Cape Canaveral, Florida (AP)-The prominent astronauts by NASA Butch Wilmore and Sununi Williams said on Monday that they are partly responsible for what went wrong in their Spint marathon and would fly again on Boeing’s Starliner.
SpaceX recently brought home the duo at the international space station after more than nine months and returned to earth for Boeing, which returned without it last year.
In their first press conference since his home conference, the couple said that they were surprised by all the interest and insisted that they only did their work and put the mission in front of them and even their families.
Wilmore did not start to accept part of the guilt for Boeing’s confused test flight.
“I will start and show my finger and blame myself. I could have asked some questions and the answers to these questions could have asked the sheet,” he said. “We are all responsible. We all have that.”
Both astronauts said they would buckle again in Starliner. “Because we fix all the problems we have come across. We will fix it. We will get it up and running,” said Wilmore.
Williams noticed that Starliner has “a lot of ability” and she wants it to be successful.
The long -standing astronauts and the retired marine captain spent 286 days in space – 278 days more than planned when they were shot down on Boeing’s first Astronaut flight on June 5. The test pilots had to intervene so that the Starliner capsule reached the space station, failed as Thruster’s failed and held.
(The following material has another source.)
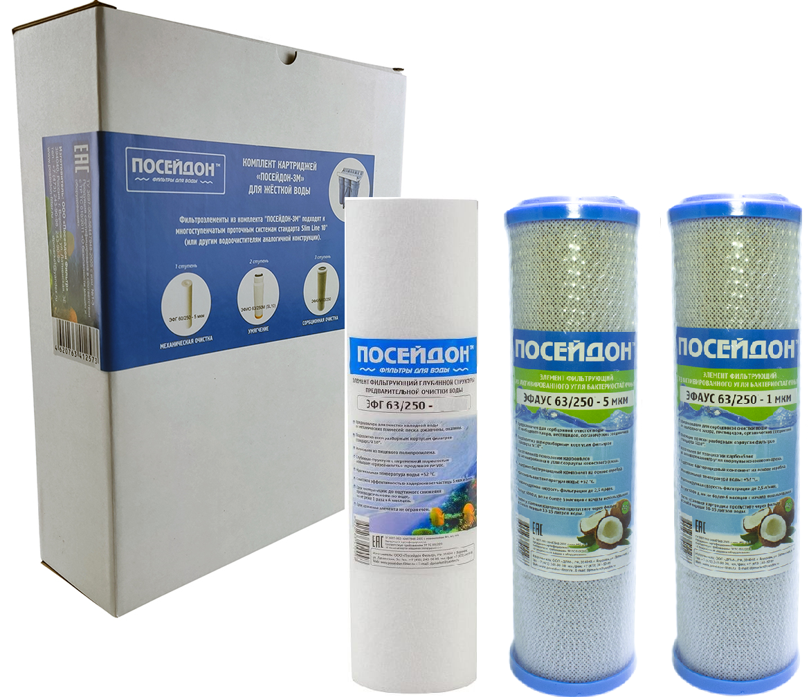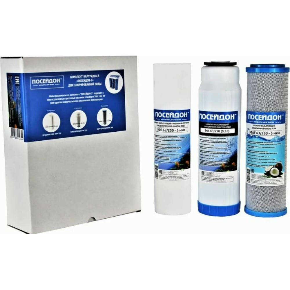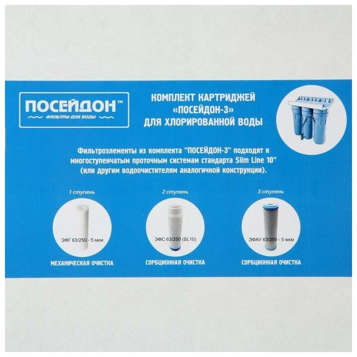 Комплект картриджей для хлорированной воды "ПОСЕЙДОН-3" стандарта SL10 для любых трёхступенчатых систем очистки интересное: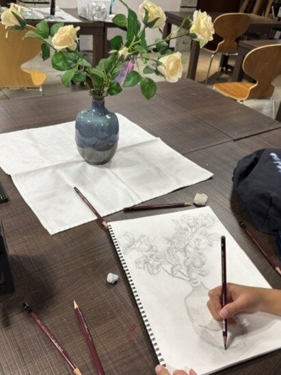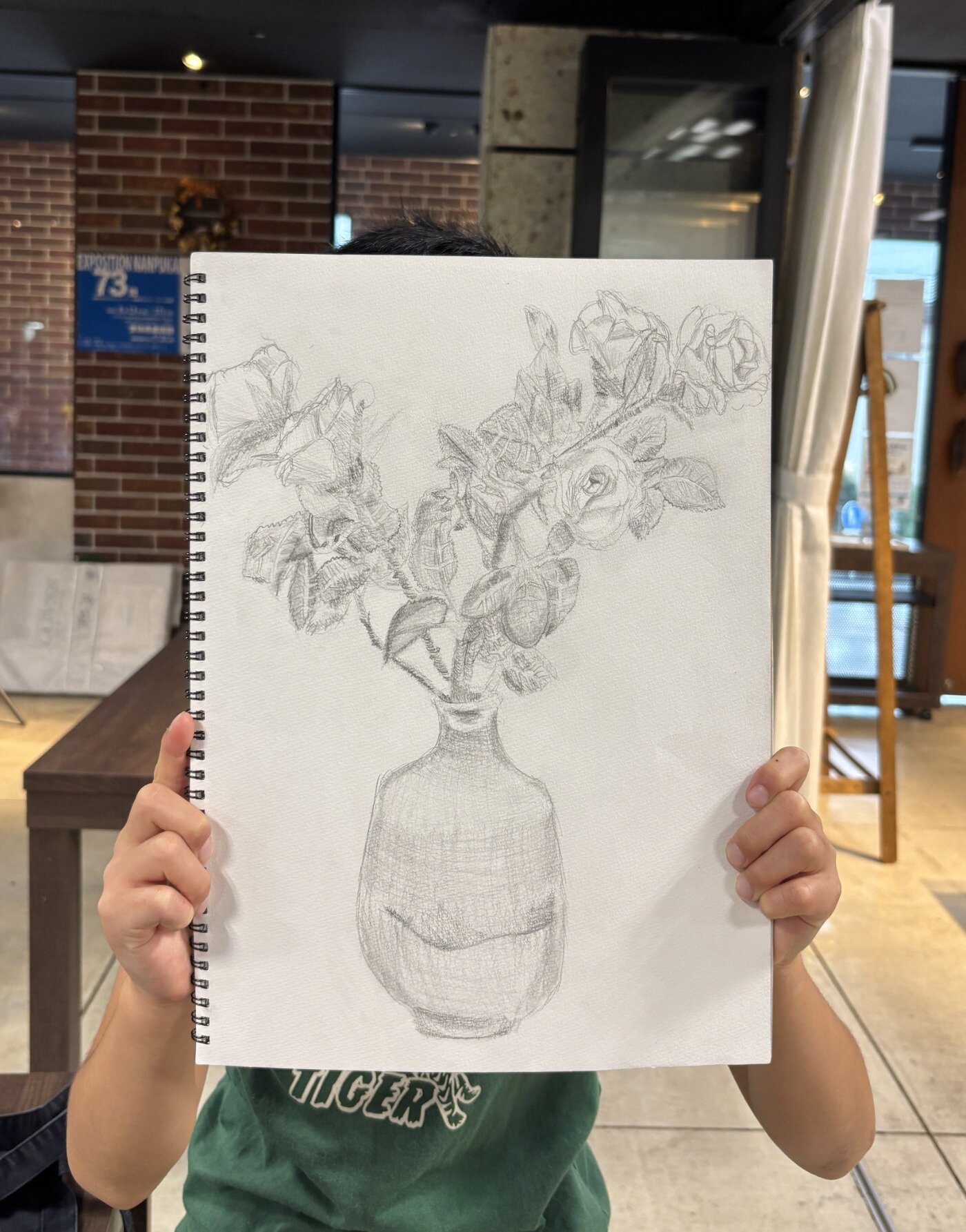 ローズのデッサンをしました。自分で瓶に行けるお花を選びましたよ。

Your space station remains away, while the engineers discussed how to proceed. Starliner finally judged NASA too dangerous to bring Wilmore and Williams back, and put them to SpaceX. However, the start of her replacement was stalled and stretched her mission beyond nine months.
President Donald Trump asked the Elon Musk from SpaceX to hurry and added the torture of the stuck astronaut politics. The pushed drama finally ended on March 18 with a flawless splash of SpaceX in front of the Florida Panhandle.
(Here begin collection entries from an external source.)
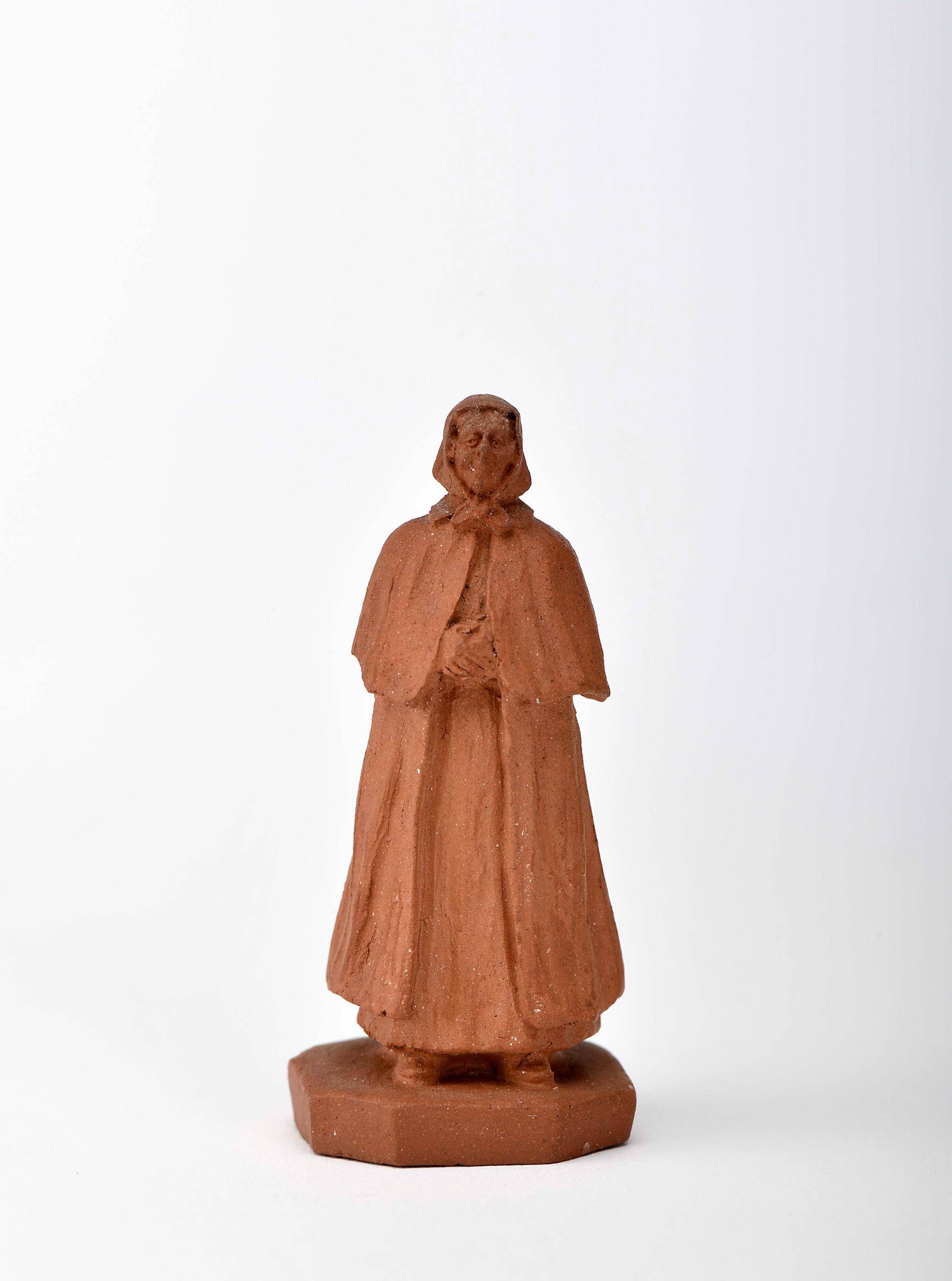 Escultura miniatural - Velha Maria terracota das Caldas assinada RBP [Rafael Bordallo Pinheiro (1884-1905)], modelo de Rafael Bordallo Pinheiro (1884-1905), marca da Fábrica de Faianças das Caldas da Rainha sob direcção artística de Rafael Bordallo Pinheiro (1884-1905), datada de 1903 Dimensões (altura x comprimento x largura) - 5 cm Notas: integrou a colecção de Joaquim Ladeira Baptista.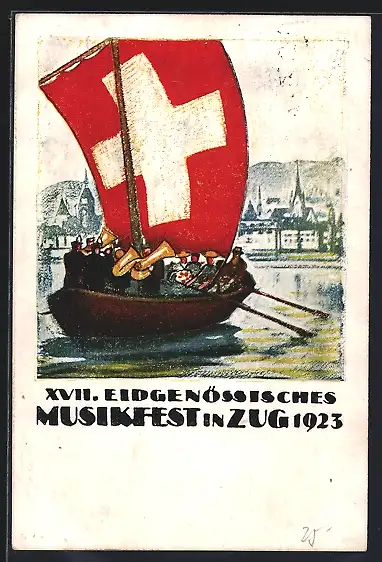 AK Zug, XVII. Eidg. Musikfest 1923, Musikkapelle auf einem Segelboot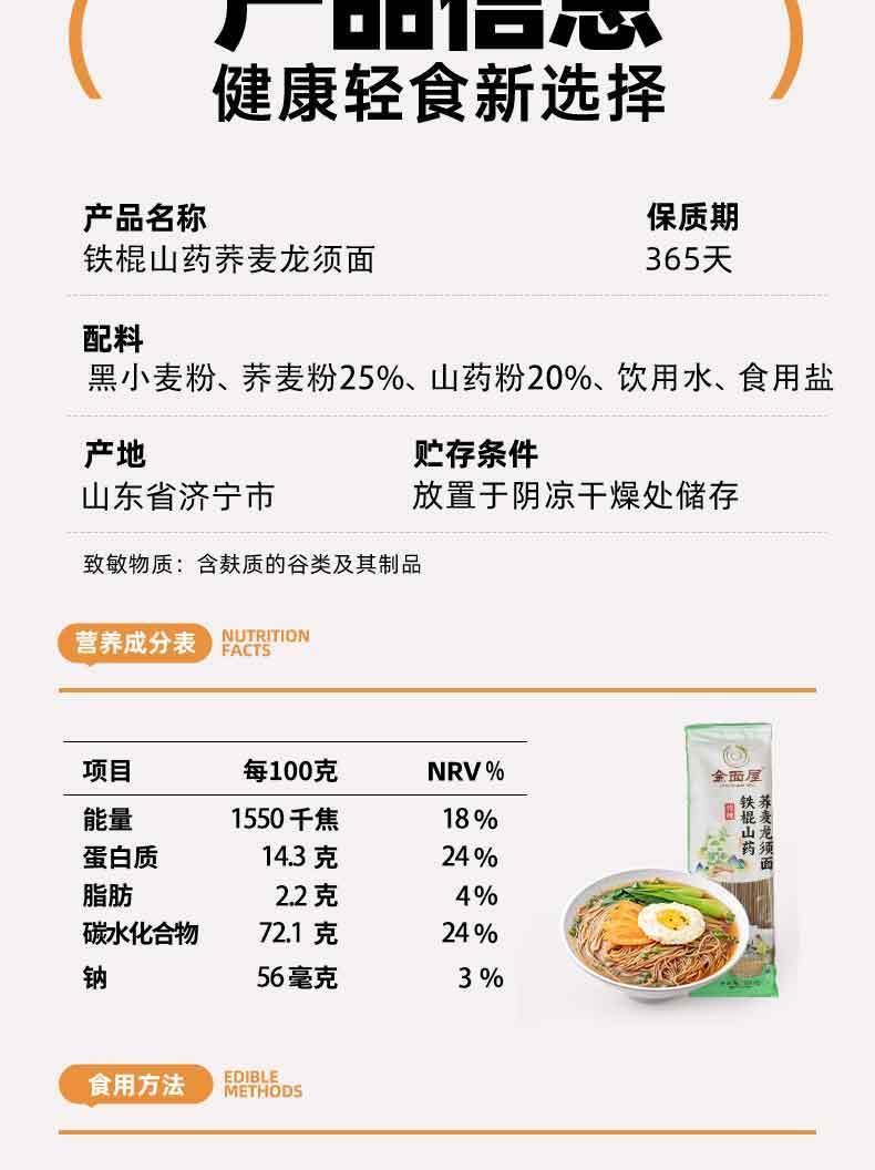 【金面屋铁棍山药荞麦龙须面】非油炸低脂低卡 真粗粮高饱腹

NASA said that engineers still don’t understand why the engines of Starliner worked. Further tests are planned in summer. If engineers can find out the thruster and leak problems, “Starliner is ready to go,” said Wilmore.
The space agency may need a further test flight – with freight – before astronauts rise on board. This repetition could come by the end of the year.
Despite the Rocky Road of Starliner, the NASA officials said that she was behind the decision that was made years ago to have two competing US companies, offer the taxi service and from the space station. But time expires: the space station will be abandoned in five years and replaced by privately operated laboratories in orbit.
___
The Department of Health and Science from Associated Press receives support from the Science and Educational Media Group of the Howard Hughes Medical Institute and Robert Wood Johnson Foundation. The AP is only responsible for all content.